Thank you very much!

edwardsnj commented 2 years ago

Looking at your command-line, it looks like you are not setting the Read Group (cell-barcode) parameter correctly. The default is for UMI-tools, you probably want the STARsolo option to pick out the CB tags from the cell ranger BAM file.

See the documentation on Read Groups. Note that it expects a file called barcodes.tsv in the current working directory (this is output by STARsolo). Use -b None to omit this option.

Let me know if I've correct guessed the issue!

edwardsnj commented 2 years ago

I'm not as familiar with how Cell Ranger places the cell-barcodes into the BAM file as with STARsolo and UMI-tools. I thought it did this by adding a CB tag to each read's alignment, since it uses STARsolo internally (my undestanding). You can verify the CB tags on the aligned reads by using samtools view to look at the BAM file.

You can set the Read Grouping using the -G option (Read Groups in the user-interface).

Hope this helps...

rosaranli commented 2 years ago

Thank you very much for your help. It indeed made a difference when I specify Read Groups. I got the outputs now but two other questions came out:

Question 1: I did a test run on SNPs from chr3 only and I got 3 files for the output. file.txt, file.cnt.matrix.txt and file.vaf-m5.matrix.txt. I think I could guess what the matrix means from file.cnt.matrix.txt and file.vaf-m5.matrix.txt but I couldn't understand what each columns means for file.txt. It looks like the following:

1 14464 A T AACAAAGGTTCAGTAC-1 0 1 0 0 1 0 1 50.0 1.0 1 14464 A T AACCAACAGGGCAACT-1 0 0 0 1 0 1 1 0.0 0.0 1 14464 A T AACGTCAAGGTAATCA-1 0 0 0 1 0 1 1 0.0 0.0 1 14464 A T AAGCGAGTCATCAGTG-1 0 0 0 1 0 1 1 0.0 0.0 1 14464 A T ACCACAAGTTAATCGC-1 0 0 0 1 0 1 1 0.0 0.0 1 14464 A T ACTGATGTCTACCACC-1 0 0 0 1 0 1 1 0.0 0.0

It doesn't have headers so I couldn't guess what each column represents. I guess the last column is kind of fraction. I went to the website for the explanation of the output, but I can't get an one-to-one match to what was described in the website. Maybe I misunderstood I am just wondering if you could clarify what each column represents here.

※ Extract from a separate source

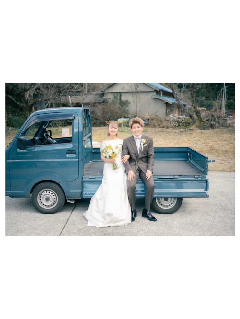 この投稿をInstagramで見る Aoba|あわいの旅(@yohaku_to_)がシェアした投稿 この写真には、結婚式の服を着た笑顔のふたりが写っています。青い軽トラックのそばに座っ...

Question 2: After I got the proper outputs from the test run, I ran the tool using the SNPs from all the chromosomes. It took a few days to run and generate the file.txt but an error happened it was like the following:

Read ReadCounts input files ->| **** (4:10 min) Output results

Traceback (most recent call last): File "scReadCounts.py", line 289, in File "execute.py", line 30, in execute AssertionError [24070] Failed to execute script scReadCounts

Do you know what might be the problem? I only got file.txt but not the other two files. I guess the file.cnt.matrix.txt and file.vaf-m5.matrix.txt can be got from the file.txt anyway so I ran the following command line:

readCountsMatrix -c "file.txt" -M Ref;Var -o "file.cnt.matrix.txt "

and it is still running.

Thank you very much for your help.

edwardsnj commented 2 years ago

Question 1: I did a test run on SNPs from chr3 only and I got 3 files for the output. file.txt, file.cnt.matrix.txt and file.vaf-m5.matrix.txt. I think I could guess what the matrix means from file.cnt.matrix.txt and file.vaf-m5.matrix.txt but I couldn't understand what each columns means for file.txt. It looks like the following:

1 14464 A T AACAAAGGTTCAGTAC-1 0 1 0 0 1 0 1 50.0 1.0 1 14464 A T AACCAACAGGGCAACT-1 0 0 0 1 0 1 1 0.0 0.0 1 14464 A T AACGTCAAGGTAATCA-1 0 0 0 1 0 1 1 0.0 0.0 1 14464 A T AAGCGAGTCATCAGTG-1 0 0 0 1 0 1 1 0.0 0.0 1 14464 A T ACCACAAGTTAATCGC-1 0 0 0 1 0 1 1 0.0 0.0 1 14464 A T ACTGATGTCTACCACC-1 0 0 0 1 0 1 1 0.0 0.0

It doesn't have headers so I couldn't guess what each column represents. I guess the last column is kind of fraction. I went to the website for the explanation of the output, but I can't get an one-to-one match to what was described in the website. Maybe I misunderstood I am just wondering if you could clarify what each column represents here.

Hi Ran,

The issue here is that you chose the ".txt" output format which is designed for other (linux) tools to process (and has no headers to ease this task). If you choose tsv (or csv or xls, or xlsx) format, the output files will have headers.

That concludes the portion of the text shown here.